Your answer must be the lines from the first record through the line that contains "Biocidní gel na", copied exactly and without any pictures.
*** Opening Data to process ***
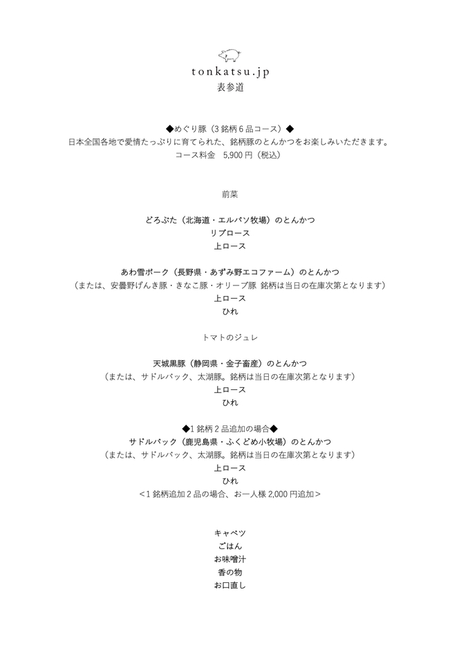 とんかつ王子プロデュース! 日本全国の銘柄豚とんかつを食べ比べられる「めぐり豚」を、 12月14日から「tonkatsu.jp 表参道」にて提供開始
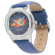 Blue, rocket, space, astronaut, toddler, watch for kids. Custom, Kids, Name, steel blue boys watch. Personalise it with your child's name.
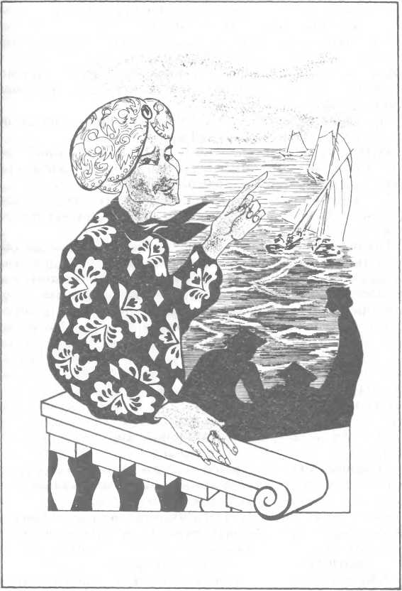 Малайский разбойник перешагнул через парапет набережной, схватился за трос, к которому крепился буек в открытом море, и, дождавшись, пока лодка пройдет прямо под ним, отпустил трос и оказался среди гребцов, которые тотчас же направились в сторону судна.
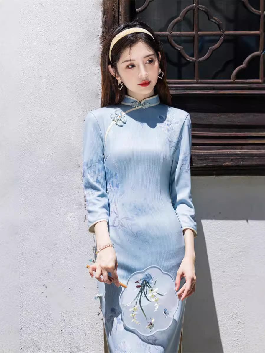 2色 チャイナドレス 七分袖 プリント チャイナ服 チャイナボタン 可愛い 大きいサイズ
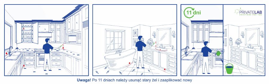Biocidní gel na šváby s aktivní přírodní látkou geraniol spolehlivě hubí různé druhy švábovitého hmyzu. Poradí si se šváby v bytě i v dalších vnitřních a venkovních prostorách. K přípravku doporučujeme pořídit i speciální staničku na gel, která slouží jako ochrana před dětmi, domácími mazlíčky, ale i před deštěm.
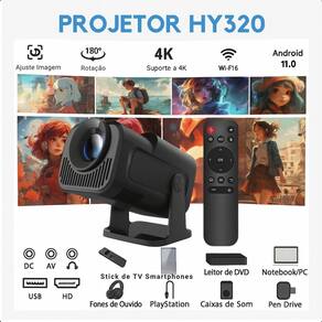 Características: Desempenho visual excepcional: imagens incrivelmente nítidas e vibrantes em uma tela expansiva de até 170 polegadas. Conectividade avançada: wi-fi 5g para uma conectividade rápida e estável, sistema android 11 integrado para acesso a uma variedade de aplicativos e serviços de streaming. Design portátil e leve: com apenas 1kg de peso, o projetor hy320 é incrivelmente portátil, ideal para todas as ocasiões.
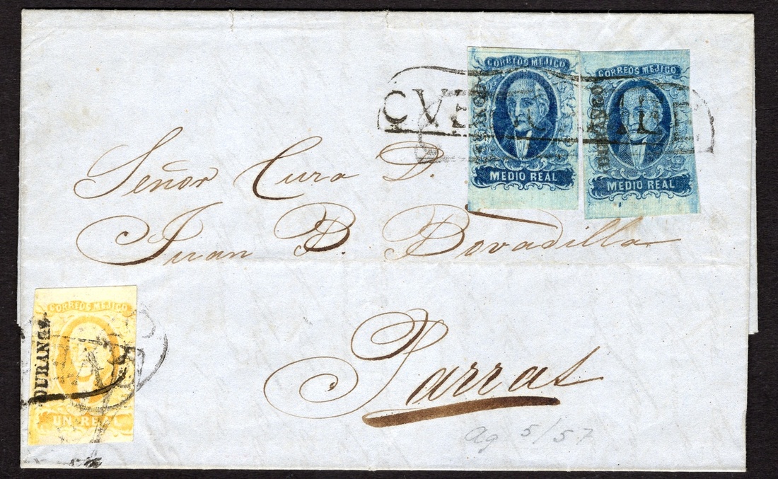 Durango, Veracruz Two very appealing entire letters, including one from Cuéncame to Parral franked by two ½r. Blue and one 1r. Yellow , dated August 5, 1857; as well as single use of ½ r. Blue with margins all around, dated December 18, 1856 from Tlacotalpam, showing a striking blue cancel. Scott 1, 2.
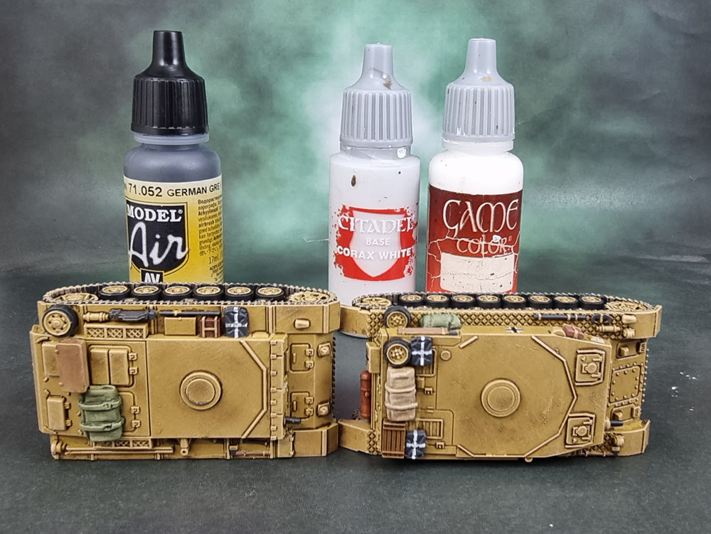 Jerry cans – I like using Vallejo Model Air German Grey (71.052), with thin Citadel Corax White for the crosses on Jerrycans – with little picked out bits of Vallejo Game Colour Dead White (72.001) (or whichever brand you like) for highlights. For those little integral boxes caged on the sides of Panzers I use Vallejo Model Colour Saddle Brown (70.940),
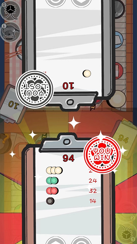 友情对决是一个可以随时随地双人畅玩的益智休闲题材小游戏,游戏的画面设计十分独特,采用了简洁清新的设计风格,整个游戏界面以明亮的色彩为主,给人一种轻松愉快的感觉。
*** Closing Data to process ***
Result for this task:
 とんかつ王子プロデュース! 日本全国の銘柄豚とんかつを食べ比べられる「めぐり豚」を、 12月14日から「tonkatsu.jp 表参道」にて提供開始
 Blue, rocket, space, astronaut, toddler, watch for kids. Custom, Kids, Name, steel blue boys watch. Personalise it with your child's name.
 Малайский разбойник перешагнул через парапет набережной, схватился за трос, к которому крепился буек в открытом море, и, дождавшись, пока лодка пройдет прямо под ним, отпустил трос и оказался среди гребцов, которые тотчас же направились в сторону судна.
 2色 チャイナドレス 七分袖 プリント チャイナ服 チャイナボタン 可愛い 大きいサイズ
Biocidní gel na šváby s aktivní přírodní látkou geraniol spolehlivě hubí různé druhy švábovitého hmyzu. Poradí si se šváby v bytě i v dalších vnitřních a venkovních prostorách. K přípravku doporučujeme pořídit i speciální staničku na gel, která slouží jako ochrana před dětmi, domácími mazlíčky, ale i před deštěm.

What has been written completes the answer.